[[ Input data, beginning ]]

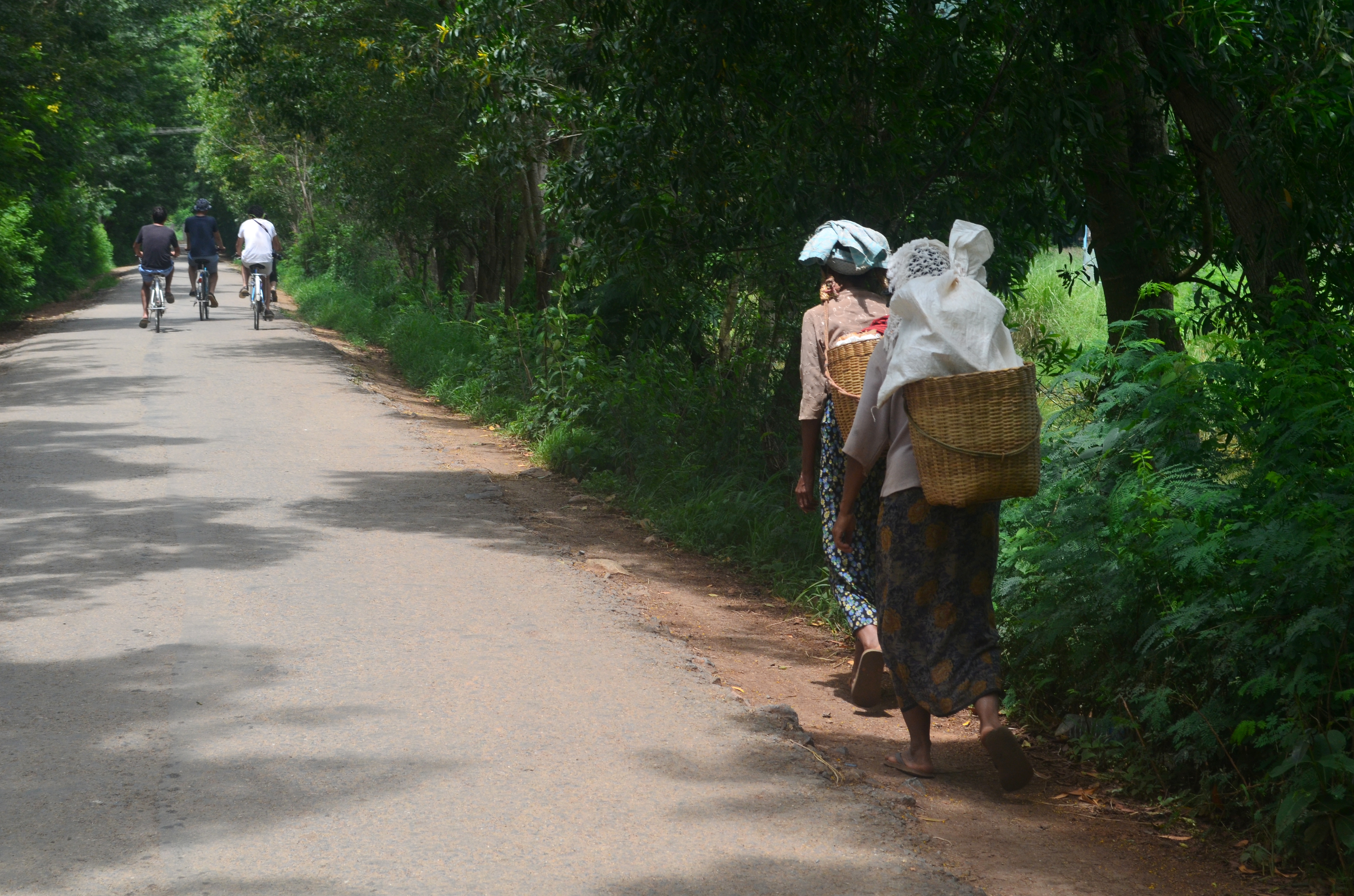 Ngày cuối cùng chúng tôi dành ra cho một tour xe đạp trên con đường bao quanh Inle. Đi qua những cánh đồng lúa xanh, làng mạc nơi có những đứa trẻ thân thiện, miệng luôn cười và nói xin chào – Mingalabar. Tôi thực sự thích ngày hôm đó. Một ngày chỉ dành riêng cho việc lang thang trong những khung cảnh bình dị, vô lo vô nghĩ chìm vào trong cái thanh yên của cung đường vắng vẻ chạy quanh sườn núi, hay bữa ăn trưa bên vườn thanh long chín hồng. Tôi yêu cái thong dong của việc đạp xe, dừng lại giữa chừng, leo lên một ngôi chùa trên đỉnh núi để ngắm nhìn phong cảnh của toàn vùng. Rồi lại tiếp tục rong ruổi dọc theo những con đường rợp bóng cây. Cuối ngày, chúng tôi chia tay nhau tại thị trấn, lần này là chia tay thực sự. Cô bạn người Ý vội ra bến xe bus đi Bagan còn không quên nhắn rằng đã lấy địa chỉ Facebook của tôi rồi, hẹn gặp lại ở Việt Nam để đưa cô ấy đi cafe rồi guồng chân đạp xe đi mất.
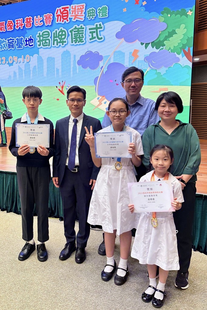 由地球物理暨氣象局與澳門科學館合辦的“賞雲.識天”氣象科普填色比賽及圖片創作比賽今日下午頒獎。小一正袁希蕾同學獲“惡劣天氣創意填色比賽”初小組優異獎,小四正潘知閒及小六信鄧頌榮同學獲“雲上妙筆圖片創作比賽”小學組優異獎。
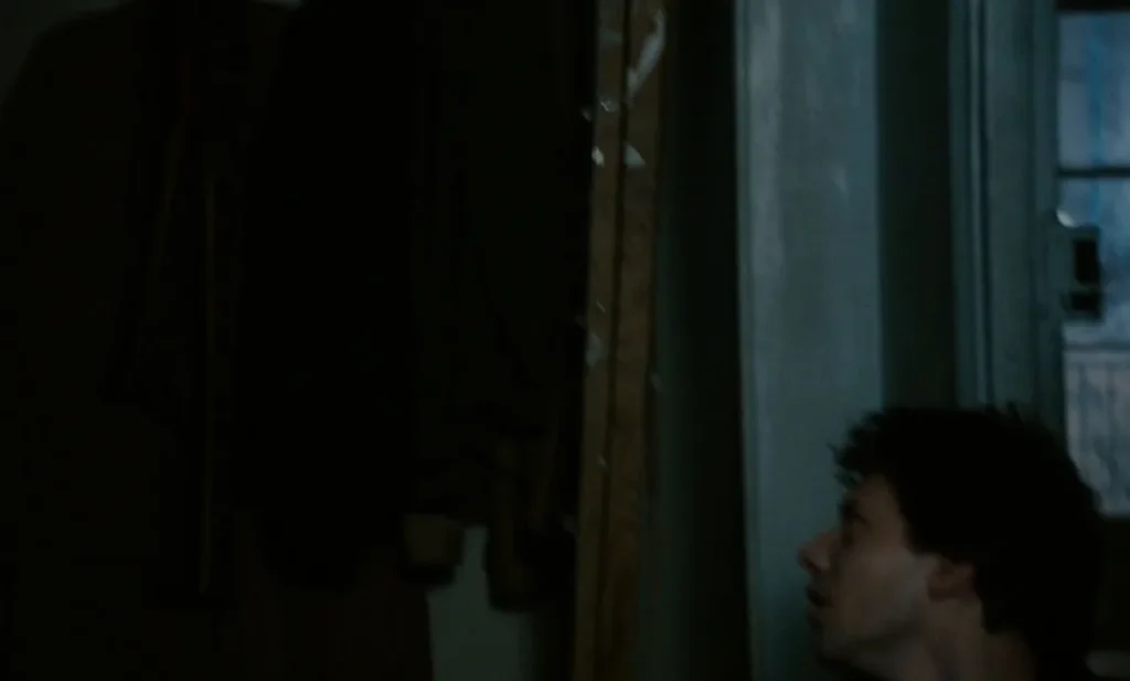 Skinny Asian guy with short black hair, early 20s, wearing glasses, sits in an office chair like he’s about to work. Then two slim white girls show up — one brunette with long hair, the other a short-haired blonde — and start stripping in front of him. They take turns sucking him, both going deep with their mouths while he just sits there looking stunned. The brunette rides him hard in the same chair, bouncing up and down while papers scatter off the desk. Later, they move to a hallway and he gives one of them a rough handjob against the wall, then finishes with a cumshot. Lighting stays dim throughout, mostly warm close-ups, feels like a quick secret fuck with zero pretense.
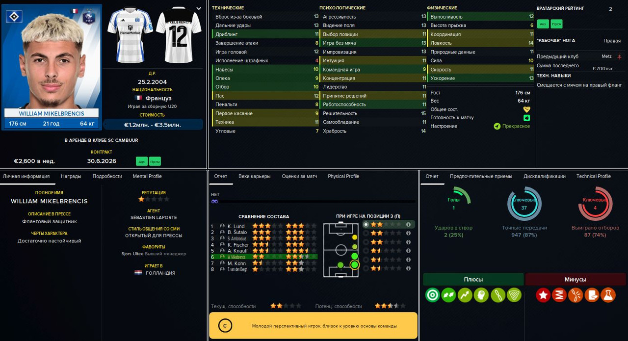 Вийям МИКЕЛЬБРАНСИС («Камбюр», Нидерланды), 34 игры, 2923 минуты, 1+3 (0.55 xG, 4.67 xA), оценка 6.75. Не понимаю, что нужно этому парню для прогресса. Да, «Камбюр» — не элитный клуб в смысле тренировочной базы и прочего, но два сезона в качестве игрока старта в Эредивизи — отличная возможность для роста. А на выходе — пшик.
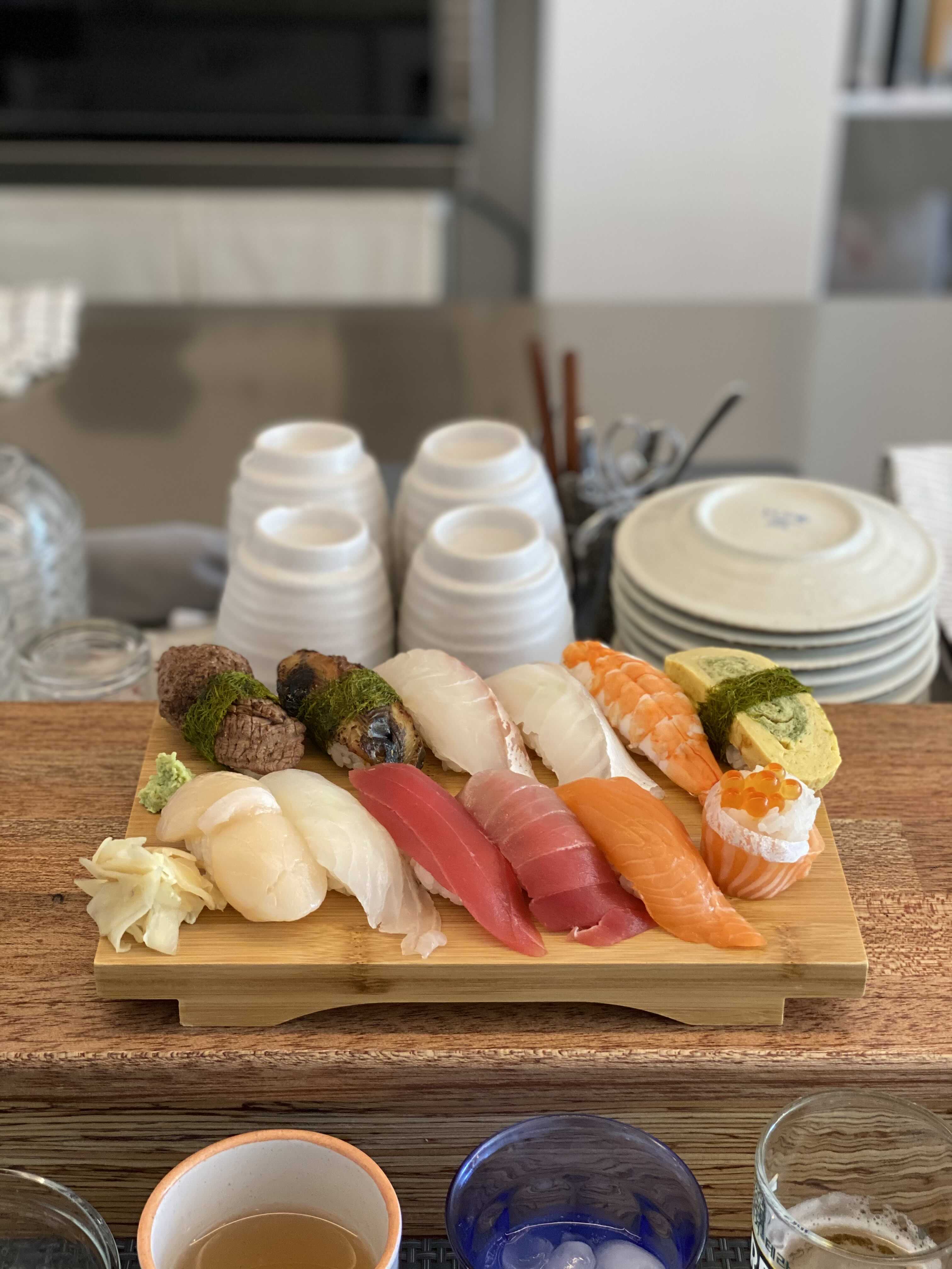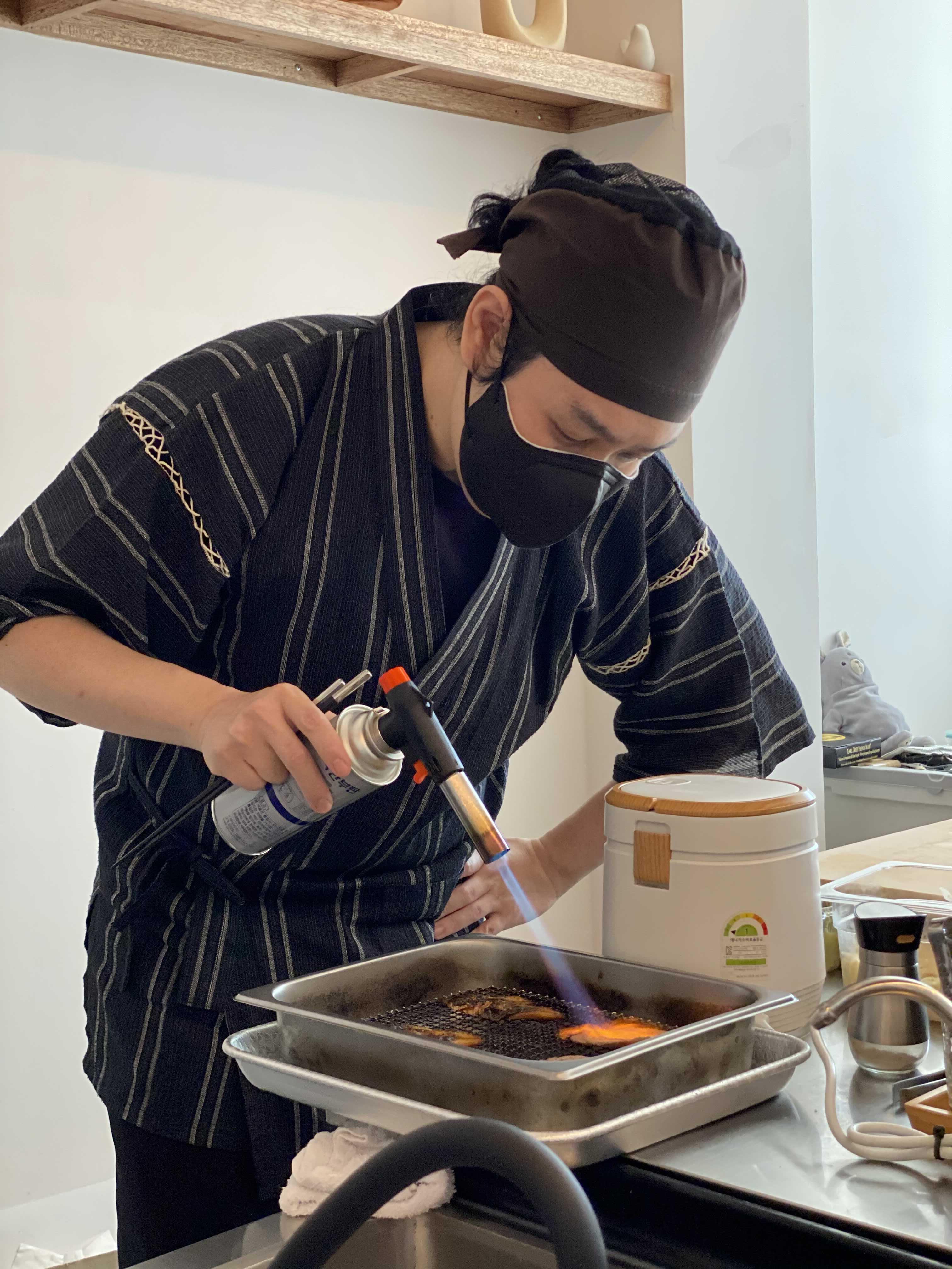초밥 12피스 중에 두 점은 불을 이용해서 조리하는 초밥이라고 한다. 한 점은 장어, 다른 한 점은 소고기 초밥이가.

[[ Input data, end ]]

All that is wanted is an exact copy of the lines from the line bearing "выходе — пшик." through the final line of the entries, including both ends but no pictures.

Response below:
 Вийям МИКЕЛЬБРАНСИС («Камбюр», Нидерланды), 34 игры, 2923 минуты, 1+3 (0.55 xG, 4.67 xA), оценка 6.75. Не понимаю, что нужно этому парню для прогресса. Да, «Камбюр» — не элитный клуб в смысле тренировочной базы и прочего, но два сезона в качестве игрока старта в Эредивизи — отличная возможность для роста. А на выходе — пшик.
초밥 12피스 중에 두 점은 불을 이용해서 조리하는 초밥이라고 한다. 한 점은 장어, 다른 한 점은 소고기 초밥이가.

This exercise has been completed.